> Exercise directions
Skip all pictures. Set down only the lines starting at the line containing "Kangaslaukku, vaaleanpunaiset kukat" and running to the end of the listing.

> The data
--------------------------------------------------

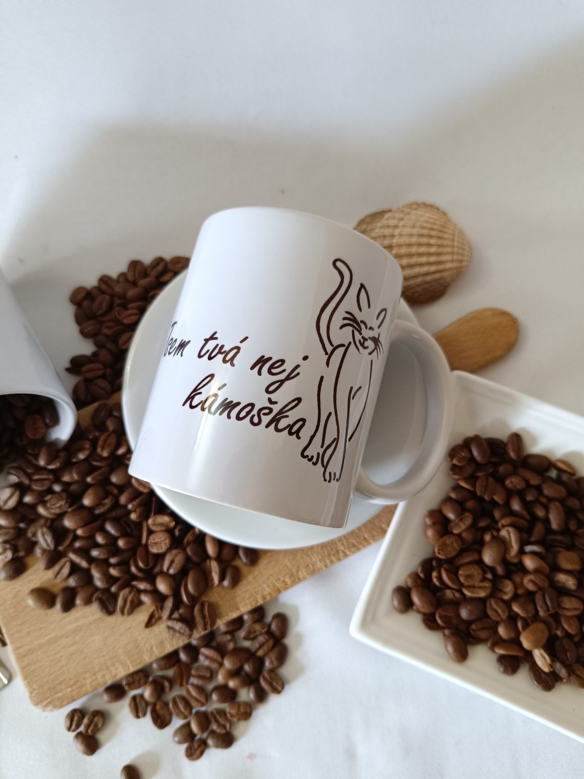 Hrníček s potiskem JSEM TVÁ NEJ KÁMOŠKA s kočičkou
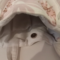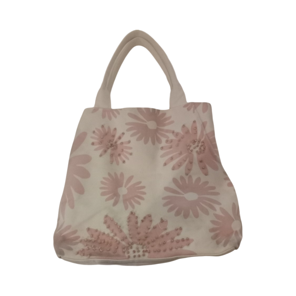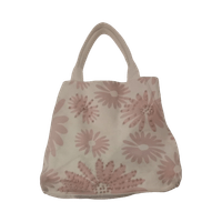 Kangaslaukku, vaaleanpunaiset kukat ja helmikoristelut.
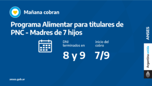 En el marco del Plan Argentina contra el Hambre del Ministerio de Desarrollo Social, la ANSES acompaña con el pago del programa Alimentar. Mañana cobran Madres de 7 hijos que perciben PNC con documentos finalizados en 8 y 9, no poseen la tarjeta plástica y reciben el dinero en la misma cuenta de la prestación.

--------------------------------------------------

> Finished exercise
 Kangaslaukku, vaaleanpunaiset kukat ja helmikoristelut.
 En el marco del Plan Argentina contra el Hambre del Ministerio de Desarrollo Social, la ANSES acompaña con el pago del programa Alimentar. Mañana cobran Madres de 7 hijos que perciben PNC con documentos finalizados en 8 y 9, no poseen la tarjeta plástica y reciben el dinero en la misma cuenta de la prestación.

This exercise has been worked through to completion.